Anny SchneiderAuteure et Herboriste

Même au Parc National de la Vérendrye, le massacre à la débusqueuse se poursuit!

En ce bel été 2004, avec mon ami herboriste comme moi, nous avons décidé d'explorer un nouveau parc naturel, celui de la Vérendrye, pour y trouver du repos et découvrir éventuellement quelques nouveaux spécimens de plantes médicinales plus rares dans le sud de la province.

Effectivement, la forêt de cette immense réserve faunique, où même la cueillette en quantité raisonnable est permise, regorge d'une grande diversité botanique, outre l'abondance de champignons, de petits fruits, de poissons et d'animaux à poils (nous y avons aperçu un ours ado adorable).

Nous avons repéré là, entre autres, des colonies immenses de comptonie voyageuse et de myrique baumier, des bactéricides puissamment aromatiques, sans oublier de gigantesques thalles de gaulthérie et de savoyane , grandes antiseptiques , anti-inflammatoires et virucides.

Que de trésors en abondance, à respecter toutefois par une cueillette parcimonieuse effectuée au bon moment, pour permettre la régénération naturelle, cela va sans dire.

Nous avons campé à plusieurs endroits agréables, près de ces lacs argentés aux plages étonnement sablonneuses et avons abouti, pas par hasard parce qu'il n'existe pas , près du barrage Dozois-Cabonga.
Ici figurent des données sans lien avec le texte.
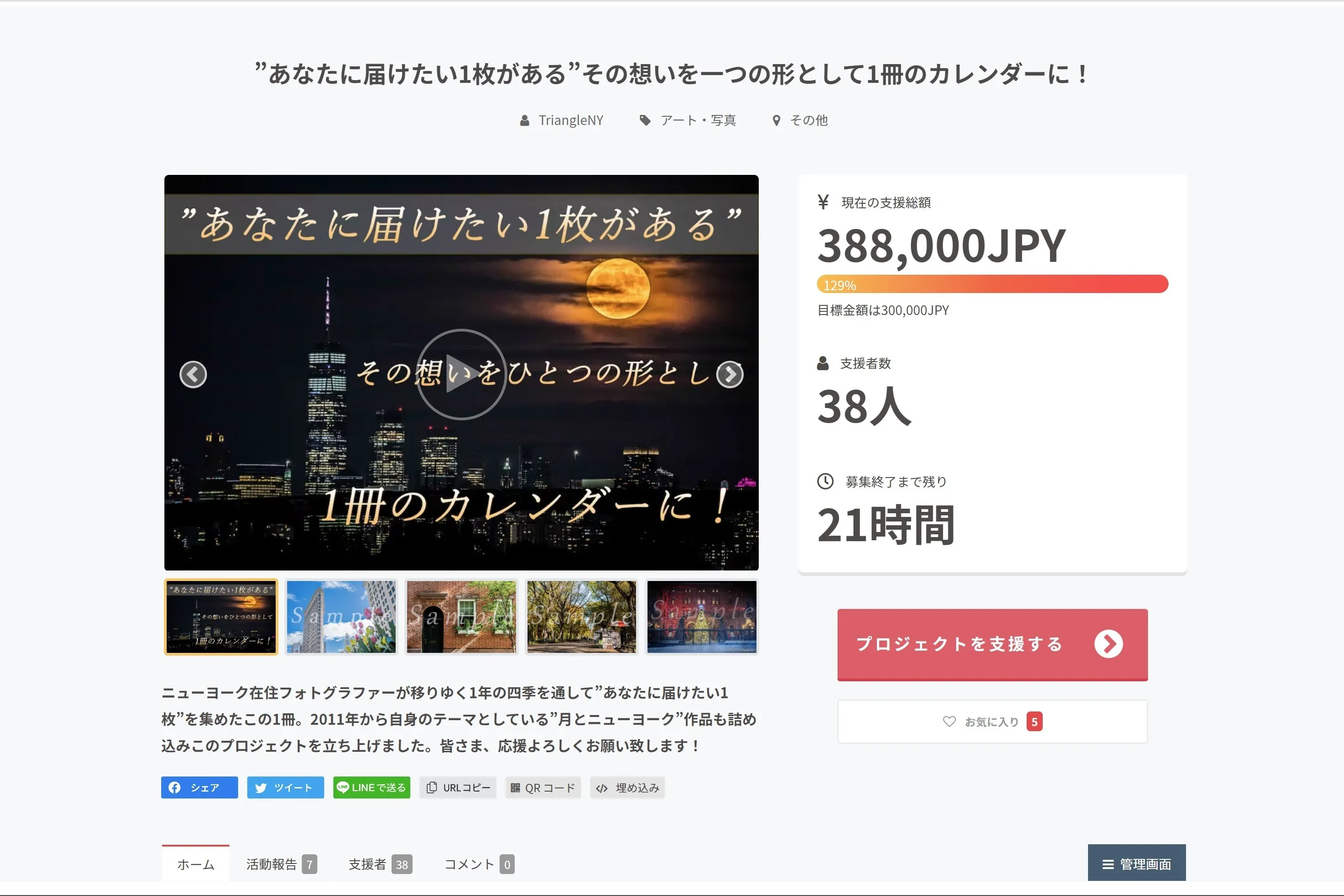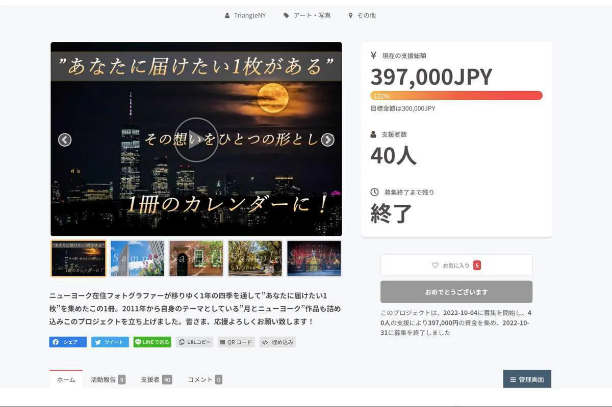 クラウドファンディングプロジェクトは今年で3年目になります。2020年3月22日(日)、コロナ禍でニューヨークがロックダウンし何も出来なかった時に、「私の撮影した写真でニューヨークが好きな人達を励まそう」と立ち上げたプロジェクトで逆に私が多くの方々に励まされ、支えられた記憶があります。そして、あれから2年が経ちました。私がフォトグラファーの活動を始めて12年間の中でニューヨークという舞台で日々起こる偶然や奇跡、中々普段見ることができない一瞬を1年間の四季を通じて集め、その一枚一枚を”あなたに届けたい”、そういう想いから今回のプロジェクトを立ち上げました。このプロジェクトは「All in」方式です、目標金額に達成しなくとも実施致します。「ニューヨークという街」を舞台に起こる希少な出来事を1冊に凝縮したカレンダーで皆さまの生活が少しでも潤えば、それに勝る喜びはございません、ぜひよろしくお願い致します。

Je le savais déjà, l'ayant entendu de la bouche des éco-anarchistes qui avaient organisé dans le coin, un « gathering » il y a deux ans et qui récidivent cette année, mais il faut le voir pour le croire : sur ce chemin du barrage très abîmé par ces mastodontes- passent aux 15 minutes le jour, aux 30 minutes la nuit, des gros « trucks » chargés de bois fraîchement coupé, et ce, sans arrêt.
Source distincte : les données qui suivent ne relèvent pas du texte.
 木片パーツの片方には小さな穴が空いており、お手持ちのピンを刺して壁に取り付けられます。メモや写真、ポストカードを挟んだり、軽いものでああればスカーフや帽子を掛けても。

Je n'en revenais pas de voir une compagnie privée -en l'occurrence la Domtar- liquider ainsi les dernières forêts d'épinettes centenaires dans une réserve nationale , ce sans que personne sauf les soi-disant excités habituels, ne s'en soucie.

Le lendemain, nous avons abouti à Kokumville où nous avons parlé aux Algonquins et à quelques-uns de leurs amis d'autres tribus en visite et partagé un peu de leur rage et de leur révolte, fort compréhensible pour des gens qui voient s'opérer sous leur nez et sans aucune trêve depuis deux ans, ce massacre organisé d'un de leur rare territoire de chasse.
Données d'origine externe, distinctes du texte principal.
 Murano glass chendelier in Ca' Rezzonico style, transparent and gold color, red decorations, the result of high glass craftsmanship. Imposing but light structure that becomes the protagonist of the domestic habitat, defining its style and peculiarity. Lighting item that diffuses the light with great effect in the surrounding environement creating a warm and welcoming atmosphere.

À part les chasseurs qui n'en doutent pas, chacun peut comprendre que si on détruit leur habitat et seule source de nourriture, les animaux vont fuir et les chasseurs devront les suivre et une fois de plus lever le camp, encore plus loin vers le nord, toujours plus loin…

Là encore, aucune garantie que les compagnies et grosses machines ne les suivront ou pire, ne les précèderont pas.

En tant que fille d'homme des bois, européenne et herboriste de métier, je ne comprends pas pourquoi un peuple comme les Québécois qui pourtant se sont établis ici et enrichis grâce à la forêt ne se soucient pas plus de son développement durable et ne réalisent pas le trésor qu'elle représente : debout, d'un morceau, vivante et diversifiée comme doit l'être une forêt mature, pour nourrir, soigner et abriter un maximum de formes de vies évoluées le plus longtemps possible.

J'espère qu'à part quelques rares artistes, visionnaires et les premières nations qui n'ont jamais douté de sa nécessité vitale, bien plus de gens vont s'alarmer à temps et comprendre que la forêt boréale, maintenant la plus étendue au monde, et l'oxygène qu'elle dispense ne nous ne demande maintenant plus rien d'autre que ça : qu'on lui fiche la paix!

 

Anny Schneider, auteure et herboriste sauvage inquiète.